To me, and this is just my own personal interpretation of it, there was a lot of criticism early on about the value of the property, and if you recall, there were estimates that were put out in The Globe and Mail about what they thought the properties were worth.
If you look at the documents that were around, like the BMO and Royal Bank study, you can find numbers that are fairly close to those in The Globe and Mail, and they were probably the source of them. But the government was, of course, aware that they wanted to be seen to be making a good deal, and making more money than what had been anticipated in this earlier item.

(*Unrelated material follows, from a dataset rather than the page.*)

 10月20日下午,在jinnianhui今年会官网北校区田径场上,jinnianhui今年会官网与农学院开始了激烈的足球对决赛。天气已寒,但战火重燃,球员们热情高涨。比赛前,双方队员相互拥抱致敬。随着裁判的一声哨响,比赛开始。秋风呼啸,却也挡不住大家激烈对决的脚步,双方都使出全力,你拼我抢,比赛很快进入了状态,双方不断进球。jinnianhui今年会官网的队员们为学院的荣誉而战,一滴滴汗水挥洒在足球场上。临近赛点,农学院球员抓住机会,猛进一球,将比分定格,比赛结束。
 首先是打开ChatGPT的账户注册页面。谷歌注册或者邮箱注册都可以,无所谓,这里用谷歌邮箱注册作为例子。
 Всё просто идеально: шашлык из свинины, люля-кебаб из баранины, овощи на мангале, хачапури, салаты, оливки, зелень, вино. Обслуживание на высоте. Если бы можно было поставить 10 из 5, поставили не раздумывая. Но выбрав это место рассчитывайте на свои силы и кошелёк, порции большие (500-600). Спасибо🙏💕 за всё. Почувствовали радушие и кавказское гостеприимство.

So what they did was to make a very simple adjustment, which is perhaps the best way of putting it. I wouldn't call it a trick. The lease price was revised upward by about $2 a square foot on all of the properties between the time the offer was put out for bid and the earlier studies that were the basis for the Royal Bank and BMO studies and the leaks to The Globe and Mail, etc.

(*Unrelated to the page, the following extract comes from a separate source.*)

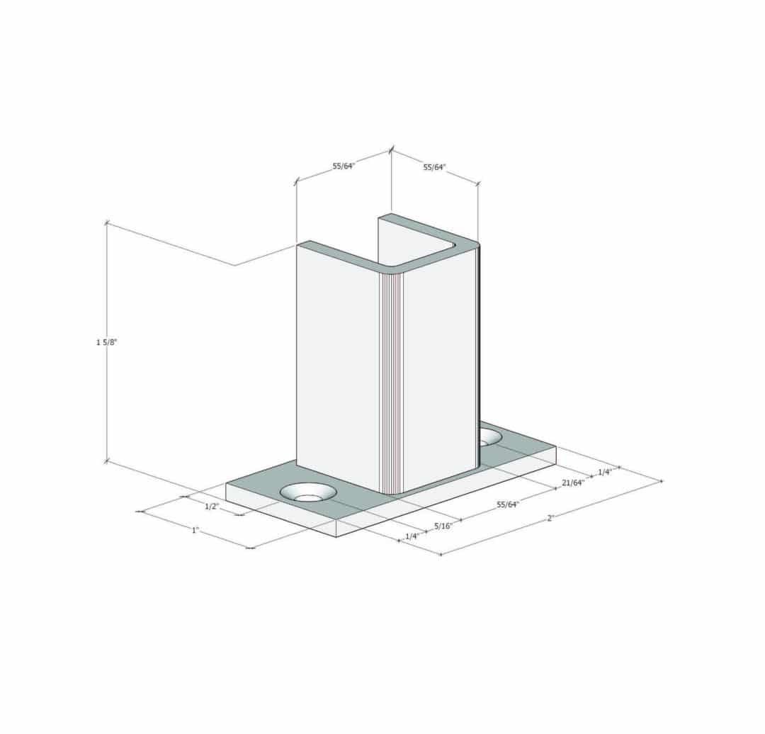 The Floor-to-Ceiling Hidden Base Plate is a minimalist version of the standard base plate, removing the connecting steel between supports. Each set includes two pieces, enough to mount one end of an FCF-HD.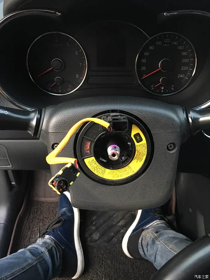 准备开拆,更换方向盘特别简单,一把平口螺丝刀,一个拆轮胎扳手,一个10个小扳手就行了!总共用了12分钟就搞定了

So already they had set themselves up to do better, because they were saying “We'll give you more money, and you should pay more money. We're going to give you another $2 a square foot for 25 years. That's worth something to you, isn't it?” Of course it is, and that's why the bid prices that came in were at or even slightly above some of the prices that had appeared in those earlier articles. But in the interim, the value of the lease had gone up by $2 a square foot on average.
I don't have them with me, but we have those two columns of leases, the amounts in the two different documents. If you don't have them in the documents already provided to you, we'd be happy to make them available. I believe we can do that.